* _Provided information_:

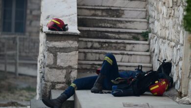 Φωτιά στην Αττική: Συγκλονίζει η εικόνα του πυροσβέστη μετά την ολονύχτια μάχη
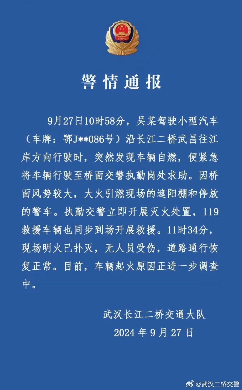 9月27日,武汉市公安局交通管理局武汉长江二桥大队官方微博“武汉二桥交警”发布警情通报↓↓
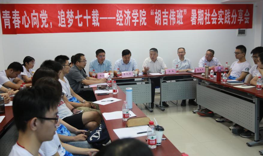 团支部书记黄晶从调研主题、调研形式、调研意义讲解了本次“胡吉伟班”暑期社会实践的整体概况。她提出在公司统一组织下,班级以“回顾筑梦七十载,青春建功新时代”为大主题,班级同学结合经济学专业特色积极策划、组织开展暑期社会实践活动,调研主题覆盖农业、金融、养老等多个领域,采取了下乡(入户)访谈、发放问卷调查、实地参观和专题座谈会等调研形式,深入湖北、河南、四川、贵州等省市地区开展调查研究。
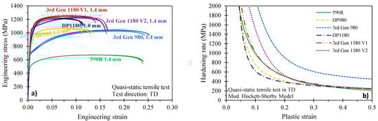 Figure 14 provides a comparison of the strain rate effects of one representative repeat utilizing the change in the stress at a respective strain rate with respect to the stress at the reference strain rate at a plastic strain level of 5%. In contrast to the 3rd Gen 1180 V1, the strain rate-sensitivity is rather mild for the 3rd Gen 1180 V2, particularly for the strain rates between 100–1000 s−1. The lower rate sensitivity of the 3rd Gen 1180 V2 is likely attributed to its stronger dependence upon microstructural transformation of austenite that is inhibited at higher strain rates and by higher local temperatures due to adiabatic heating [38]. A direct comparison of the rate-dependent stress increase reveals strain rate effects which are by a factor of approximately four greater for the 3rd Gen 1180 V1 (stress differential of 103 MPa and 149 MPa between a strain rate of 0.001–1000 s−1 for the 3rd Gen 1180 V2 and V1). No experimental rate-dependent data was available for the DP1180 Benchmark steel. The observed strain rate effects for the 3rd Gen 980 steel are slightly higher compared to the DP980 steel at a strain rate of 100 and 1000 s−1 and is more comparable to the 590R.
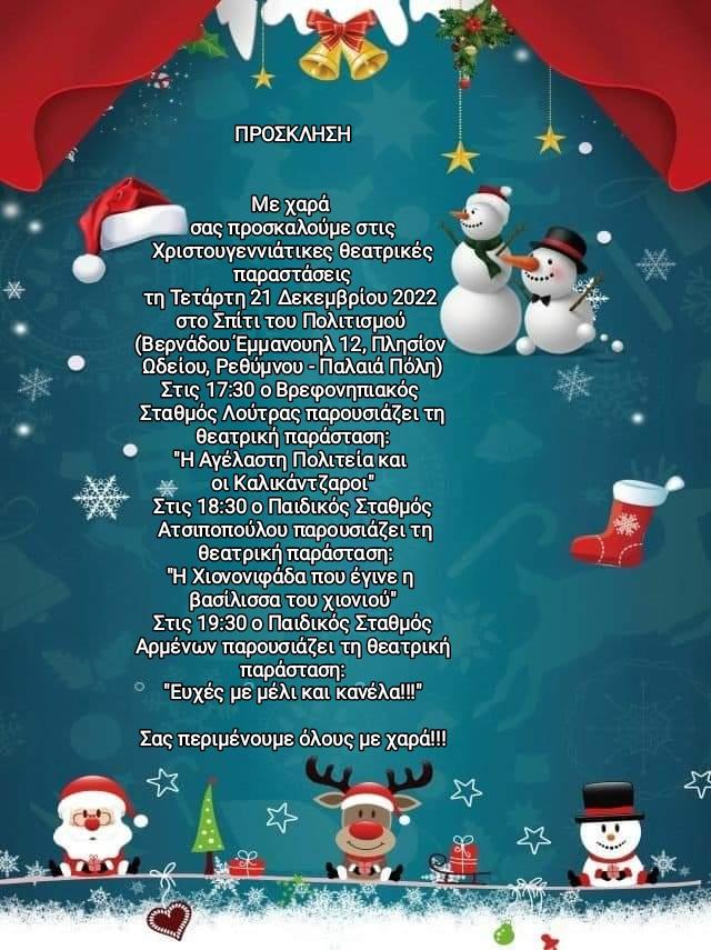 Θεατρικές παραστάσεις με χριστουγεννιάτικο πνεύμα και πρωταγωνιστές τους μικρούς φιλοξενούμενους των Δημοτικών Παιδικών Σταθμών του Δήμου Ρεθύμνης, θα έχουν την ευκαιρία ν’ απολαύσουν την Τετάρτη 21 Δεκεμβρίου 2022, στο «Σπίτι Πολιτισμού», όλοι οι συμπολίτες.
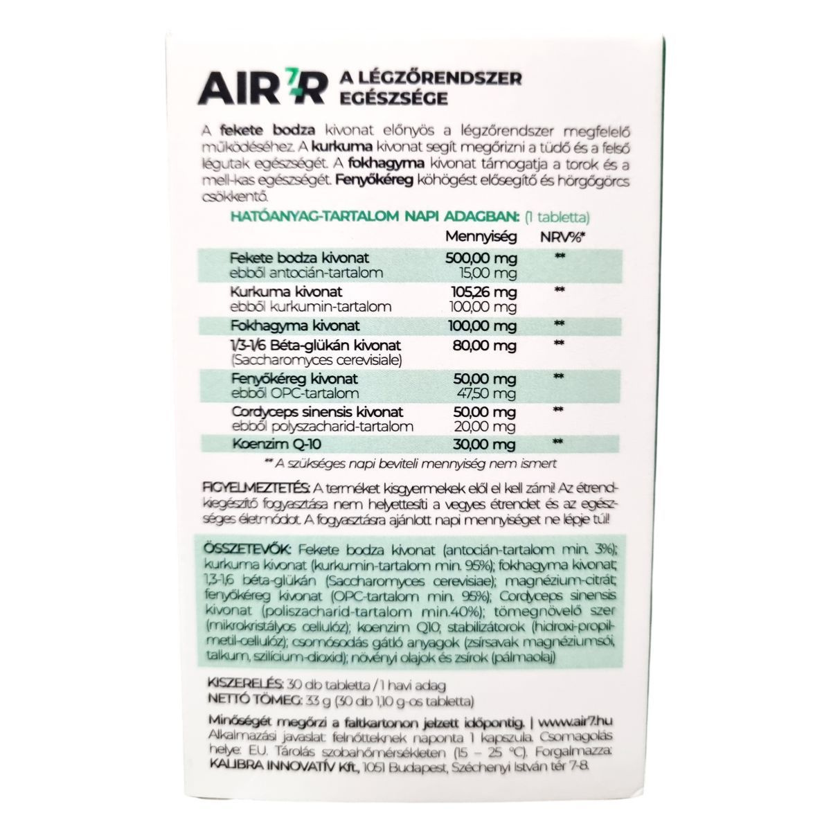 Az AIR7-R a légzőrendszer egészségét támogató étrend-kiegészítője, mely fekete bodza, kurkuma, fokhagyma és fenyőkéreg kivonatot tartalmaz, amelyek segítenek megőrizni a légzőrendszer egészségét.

* _Task instructions_: The reply should hold only the lines running from the top of the records to the line containing "Figure 14 provides", both included, copied exactly with no pictures.

* _Answer space_:
 Φωτιά στην Αττική: Συγκλονίζει η εικόνα του πυροσβέστη μετά την ολονύχτια μάχη
 9月27日,武汉市公安局交通管理局武汉长江二桥大队官方微博“武汉二桥交警”发布警情通报↓↓
 团支部书记黄晶从调研主题、调研形式、调研意义讲解了本次“胡吉伟班”暑期社会实践的整体概况。她提出在公司统一组织下,班级以“回顾筑梦七十载,青春建功新时代”为大主题,班级同学结合经济学专业特色积极策划、组织开展暑期社会实践活动,调研主题覆盖农业、金融、养老等多个领域,采取了下乡(入户)访谈、发放问卷调查、实地参观和专题座谈会等调研形式,深入湖北、河南、四川、贵州等省市地区开展调查研究。
 Figure 14 provides a comparison of the strain rate effects of one representative repeat utilizing the change in the stress at a respective strain rate with respect to the stress at the reference strain rate at a plastic strain level of 5%. In contrast to the 3rd Gen 1180 V1, the strain rate-sensitivity is rather mild for the 3rd Gen 1180 V2, particularly for the strain rates between 100–1000 s−1. The lower rate sensitivity of the 3rd Gen 1180 V2 is likely attributed to its stronger dependence upon microstructural transformation of austenite that is inhibited at higher strain rates and by higher local temperatures due to adiabatic heating [38]. A direct comparison of the rate-dependent stress increase reveals strain rate effects which are by a factor of approximately four greater for the 3rd Gen 1180 V1 (stress differential of 103 MPa and 149 MPa between a strain rate of 0.001–1000 s−1 for the 3rd Gen 1180 V2 and V1). No experimental rate-dependent data was available for the DP1180 Benchmark steel. The observed strain rate effects for the 3rd Gen 980 steel are slightly higher compared to the DP980 steel at a strain rate of 100 and 1000 s−1 and is more comparable to the 590R.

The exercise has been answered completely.